Carillion PLC’s (LON:CLLN) problems were magnified today after the Financial Reporting Council (FRC) said it has decided, following enquiries made since a profit warning in July 2017, to open an investigation in relation to KPMG's audit of the collapsed construction contractor’s financial statements.
In a statement, the FRC said the investigation will cover the years ended 31 December 2014, 2015 and 2016, and additional audit work carried out during 2017.
It added that the investigation will be conducted by the FRC's Enforcement Division, and will consider whether the auditor has breached any relevant requirements, in particular the ethical and technical standards for auditors.
The regulator said several areas of KPMG's work will be examined including the audit of the company's use and disclosure of the going concern basis of accounting, estimates and recognition of revenue on significant contracts, and accounting for pensions.
The FRC added that it will conduct the investigation as quickly and thoroughly as possible.
It also said it is liaising closely with the Official Receiver, the Financial Conduct Authority, the Insolvency Service and The Pensions Regulator to ensure that there is a” joined-up approach to the investigation of all matters arising from the collapse of Carillion.”
Implied pension deficit rises
Separately, according to Parliament's Work and Pensions Select Committee, Carillion attempted to "wriggle out of its obligations" to pensioners for the last decade.
The influential committee’s chair, Frank Field, has condemned the firm’s inability to perform its pension obligations while "shelling out dividends and handsome pay packets for those at the top."
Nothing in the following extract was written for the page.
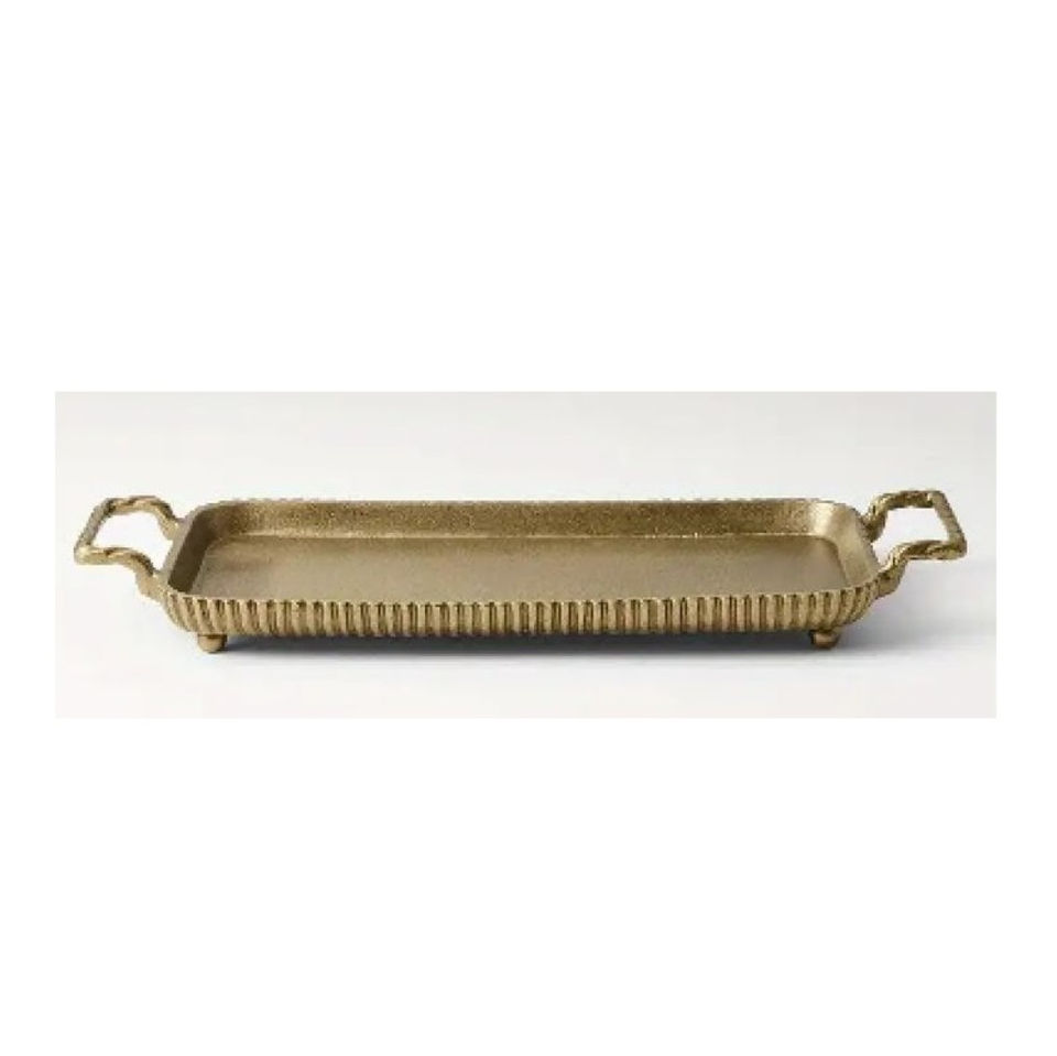 Plateau de service rectangulaire en métal doré de luxe avec texture crocodile, design unique en peau d'alligator, plateau décoratif pour la maison et l'hôtel

In a letter published on Monday by the committee and written by Carillion Pension Trustee Limited Chair Robin Ellison, it is implied that the scheme's deficit may be about £990mln compared to the £587mln figure quoted in an earlier letter.
Carillion entered compulsory liquidation on January 15 after the failure of talks over its debt mountain with financial and other stakeholders, including the UK government.
The firm - which issued three profit warnings in less than six months last year and saw its market value collapse by more than 90% - is a major supplier to the government with contracts across education, the NHS and the rail industry, including HS2.
Carillion shares have been temporarily suspended on the London Stock Exchange since that date.